Another large charity recently ran a fundraising campaign which showed a successful generic African woman whose family they claimed they had helped climb out of poverty. It was a conceptually interesting TV advert but it wasn’t a winner as a fundraiser. So when the same woman appeared in online advertising we were asked to give money to help bring her and her family out of poverty. The same ethnic woman was presented to audiences in diametrically opposite ways to try and have the same impact, raise more money.

Maybe we should be forgiving of charities, PR and advertising agencies, advocacy organisations and journalists who fake (or twist) stories to get our attention. Do audiences really care? Doesn’t the end justify the means? This is certainly how some people responded to the suggestion that it was wrong to fake the Syrian boy hero. Maybe they are right. If the Oxfam post raised much needed cash for the fight against ebola isn’t that a good thing?

But I think it’s also true you are less likely to change your point of view if you feel the person trying to persuade you is in some way deceiving you.  There’s a failure in communication if we are talking about whether a video is fake as opposed to the suffering of the people in Syria or the 1800 kids that are not actors who have been shot dead during the war.

And one question leads to another. If you are really helping people; if your cause is just; if you want an honest relationship with me, why do you feel the need to make stuff up?

One possible reason that NGO’s pump out so much overt marketing propaganda is because there is more of a budget for spin then authentic storytelling.

In NGOS often the marketing and fundraising departments have more money and power than the communications teams.  They are judged on short term goals that largely revolve around growth of revenue and brand reach. The pressure is immense. People’s jobs are dependent on them bringing the cash in. Very few of these people will have ever lived or worked in the places the charities are set up to benefit.  This is even more true in the agencies that they contract who belong to the Band Aid school of advertising:

Make shit up (There is no peace and joy in west Africa this Christmas).
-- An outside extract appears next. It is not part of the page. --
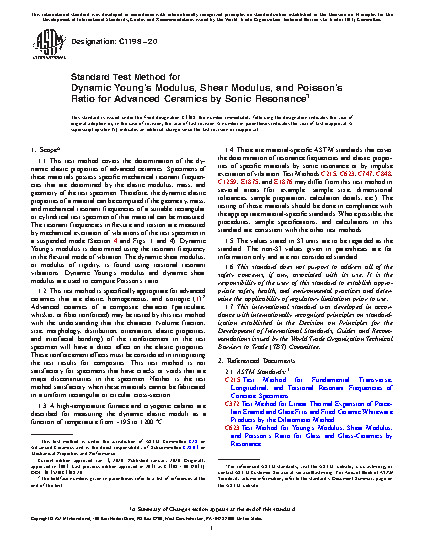 1.1 This test method covers the determination of the dynamic elastic properties of advanced ceramics. Specimens of these materials possess specific mechanical resonant frequencies that are determined by the elastic modulus, mass, and geometry of the test specimen. Therefore, the dynamic elastic properties of a material can be computed if the geometry, mass, and mechanical resonant frequencies of a suitable test specimen of that material can be measured. Dynamic Young's modulus is determined using the resonant frequency in the flexural mode of vibration. The dynamic shear modulus, or modulus of rigidity, is found using torsional resonant vibrations. Dynamic Young's modulus and dynamic shear modulus are used to compute Poisson's ratio.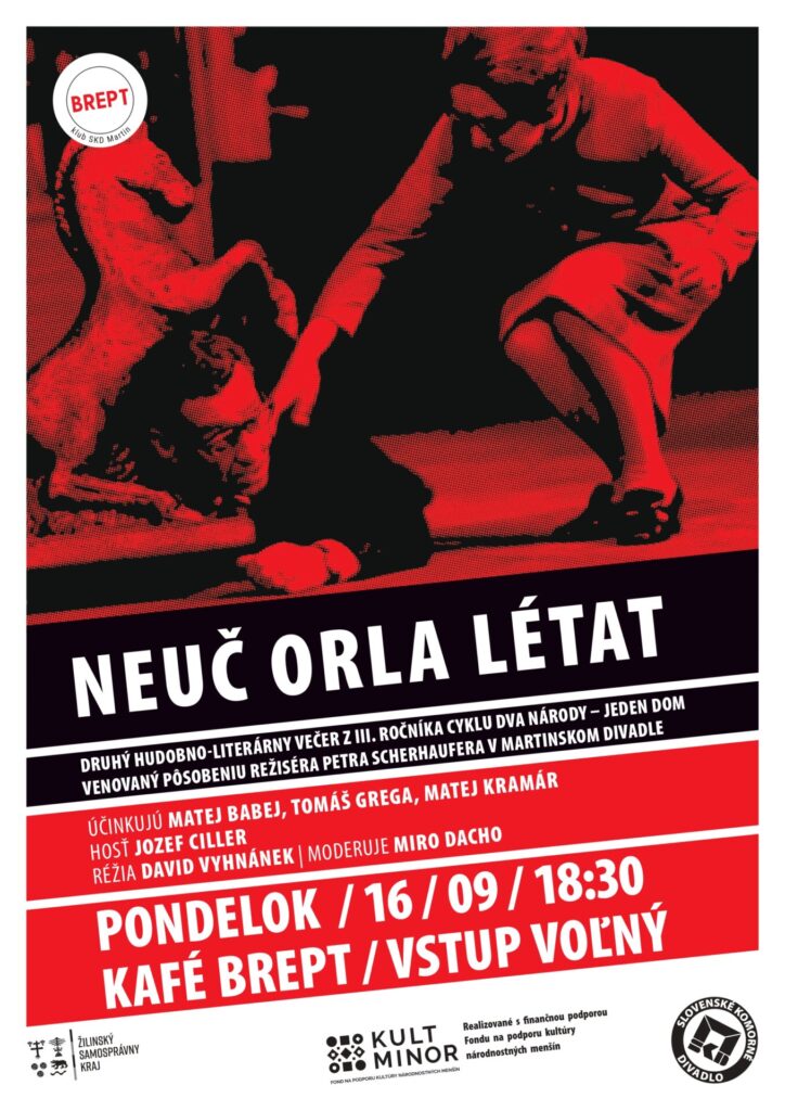 Druhý večer, 16. septembra 2024 o 18:30 hodine s názvom NEUČ ORLA LÉTAT, bude venovaný pôsobeniu režiséra Petra Scherhaufera v martinskom divadle. Rodák z Bratislavy šiel do Brna pôvodne študovať letecké konštruktérstvo, napokon prešiel na JAMU, kde absolvoval divadelnú réžiu. Na sklonku šesťdesiatych rokov sa stal spoluzakladateľom legendárneho brnianskeho Divadla Husa na provázku. K spolupráci priviedol aj scénografa Jozefa Cillera, ktorý ho, na oplátku, priviedol do vtedajšieho DSNP v Martine. Dovedna tu ako režisér pripravil päť inscenácií. Postupne sa prepracoval k československej špičke, bol autorom veľkých projektov či paradivadelných akcií, pedagógom, spoluorganizátorom a tvorcom slovenského amatérskeho divadla.

Put a famous face (or 30) to it , and screw the unintended consequences (we maintain a colonial relationship with black people who live in poverty).

The better communications departments  in charities are themselves masters in spin because newspapers and broadcasters are so susceptible to it. If you want to get the media’s attention just make up a figure about how many kids might be catching ebola a week by Christmas. The higher the number the better, even if it’s based on tenuous research.

I don’t blame them.  It’s a game and if you pay me I too will play it to win. But not by faking it.  And not because it can’t be justified, but because I’m not cynical. The charities we work with have a very positive impact on the lives of the people they serve. The sector as a whole just needs to invest in better ways to tell those stories of change.